Через час оттаивали старшие сестры и мать Густава, а уже к полудню, когда солнце взбиралось в зенит и устраивалось над самой верхушкой Смотровой башни, оживал и сам бургомистр. Впрочем, ненадолго. Следующие восемь часов бургомистр подписывал бумаги в ратуше, лихорадочно борясь с желанием завести личный паромобиль, покидать в него стопки купюр и монет из сейфа, сына, дочерей и любовницу и смыться из Города. «Жену можно было бы и оставить», – сладко мечтал глава городского самоуправления, ставя подпись под очередным смертным приговором. Увы, даже поврежденного ледяными кристаллами мозга бургомистра хватало на то, чтобы сообразить: далеко он не уедет.

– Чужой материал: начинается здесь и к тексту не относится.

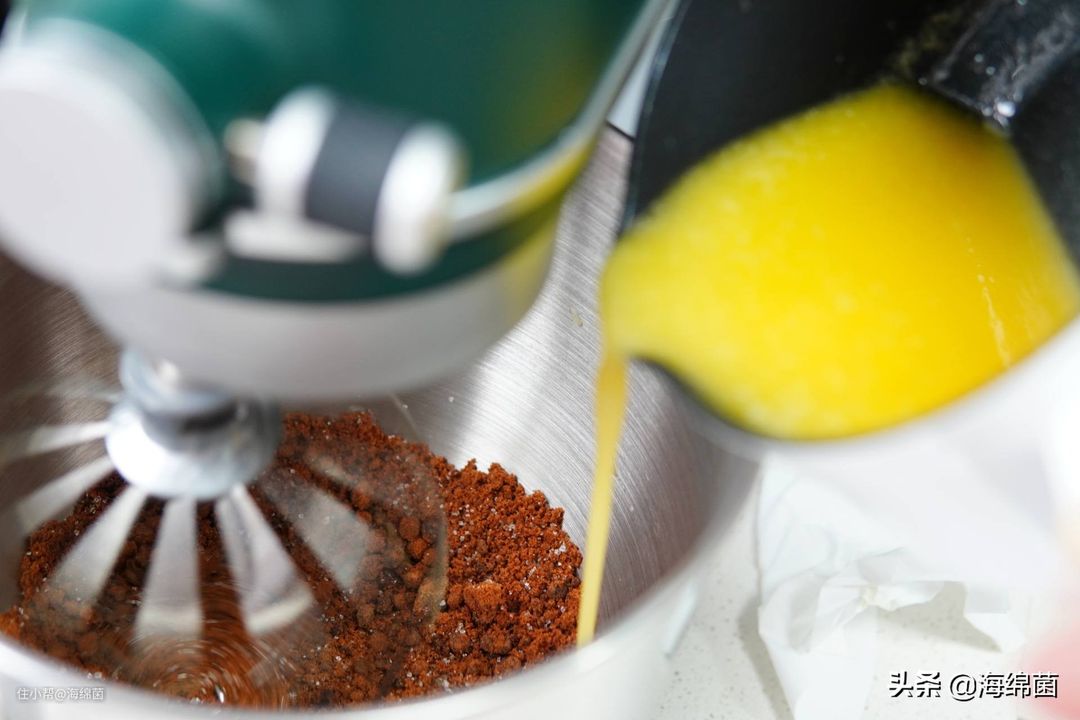 倒入融化的黄油,注意缓慢倒入,不要一下子倒太快弄得到处都是:
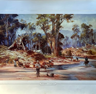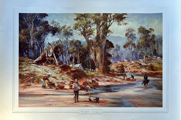 Released in 1988 to celebrate Australia’s Bicentenary, this work showcases Doyle’s signature style — vibrant colours, dynamic brushwork, and evocative storytelling — bringing to life the toil and triumph of the Gold Rush era.
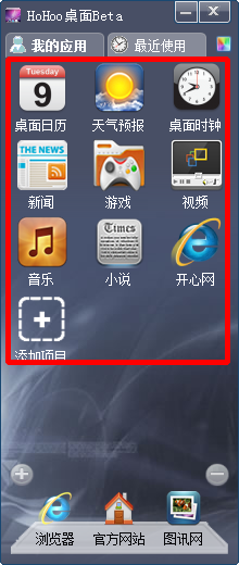 HoHoo桌面是由HoHoo日历衍生出的一款仿iphone桌面管理平台,不仅包含了日历等所有HoHoo相关桌面组件,还可以让您更安全方便启动电脑里的软件、应用和网址,让您体验前所未有的便捷;另外,还为您提供了众多耳目一新的应用,您可以在桌面上看新闻、听音乐、看电影、玩小游戏。
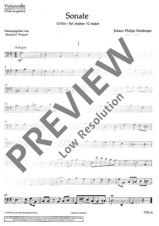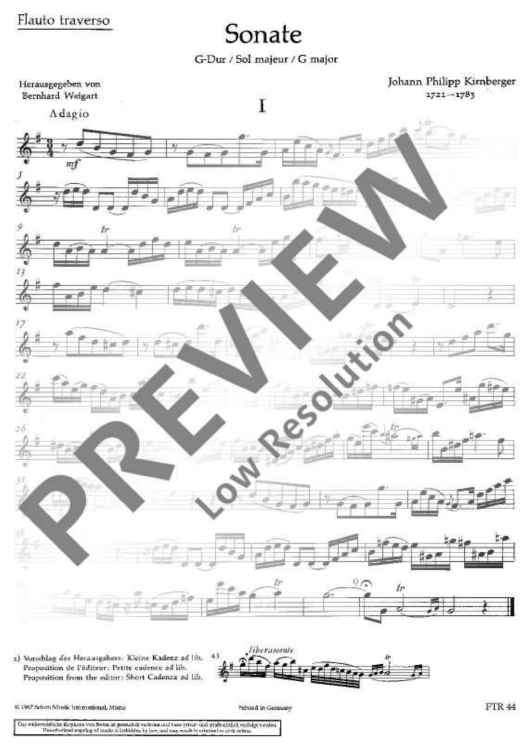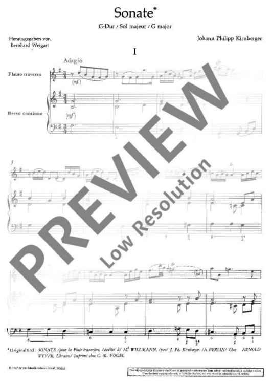 "Sonata G Major" Sheet Music by Johann Philipp Kirnberger

В восемь вечера Фрост обновлял замораживающее заклятие, и несчастное семейство вновь водружали на постамент. Горожане, с завидной регулярностью собиравшиеся поглазеть на это зрелище, были твердо уверены, что им демонстрируют новейшую технологию, разработанную на заводе «Полярная звезда». Доказательством их легковерия была длинная очередь, выстроившаяся перед станцией недавно открывшейся железнодорожной ветки. Единственный перегон этой ветки, между Храмом Праведных-во-Гневе и заводом «Полярная звезда», был с двух сторон оцеплен колючей проволокой. Обгоревший остов Храма переоборудовали под станцию и контрольно-пропускной пункт. Здесь желающих заморозиться регистрировали и грузили в длинные дощатые вагоны без окон. Тепловоз, тянущий набитые под завязку вагоны, отходил от станции каждые два часа. В заводской ограде открывались огромные железные ворота. Состав, пыхтя и исходя паром, исчезал за ними, и очередь на станции продвигалась – начиналась погрузка следующей партии.

Солнце, жарившее с высоты, недоуменно наблюдало за представлением. Солнце не понимало, почему люди предпочитают ласке его лучей смертный холод промышленных морозильников и ненасытную утробу вакуумной сушки. Фрост – режиссер и главный распорядитель спектакля – довольно усмехался. Идея принадлежала Кею, но за безупречное исполнение отвечал он, Фрост. Слуга Королевы еще помнил, как его госпожа – в то время, впрочем, никакая не Королева, а всего лишь амбициозная молодая ведьма – создавала свое Зеркало. Зеркало «Ничто», которое можно было сделать лишь из последнего дыхания замерзающих людей. У будущей королевы почти двести лет ушло на то, чтобы покрытая тонким слоем инея медная доска превратилась в настоящее Зеркало. Сейчас дело у Фроста продвигалось гораздо быстрее. «Технология, – думал снежный голем, – штука совсем не такая уж плохая». Замерзшие тела горожан помещали в вакуум, где в процессе возгонки мельчайшие кристаллики льда превращались в пар. Сконденсировавшийся пар каплями влаги оседал на серебряной охлажденной подложке и там замерзал, быстро покрывая серебро слоем льда. К возвращению хозяина Зеркало будет готово.


За колонной кандидатов на заморозку наблюдало не только солнце, начавшее уже клониться к закату. В тусклой дымке над городом скользила некая тень. Вот изломанный крылатый силуэт забарахтался над Центральной площадью, уронив на скульптурную группу «Бургомистр с семейством» клочок тьмы – и статуи на мгновение перестали сверкать. Горожане задрали головы, щурясь в измученное жарой небо. В небе неуверенно двигалось нечто, отдаленно напоминавшее гигантского пустынного стервятника. Впрочем, сходство ограничивалось размахом перепончатых крыльев. Там, где стервятник грациозно кружил, высматривая янтарным глазом добычу, летевшее над площадью устройство судорожно било крыльями и бултыхалось, как утопающий в проруби. Зеваки разочарованно отвели глаза и сплюнули. Это зрелище было им уже хорошо знакомо. Махолет Рэма второй месяц разбрасывал листовки над Городом. Листовки, по мнению обывателей, никак не желавших превращаться в революционные массы, годились разве что на самокрутки. Да и то не особо, потому что дешевая типографская краска пачкала пальцы и придавала табаку привкус мазута.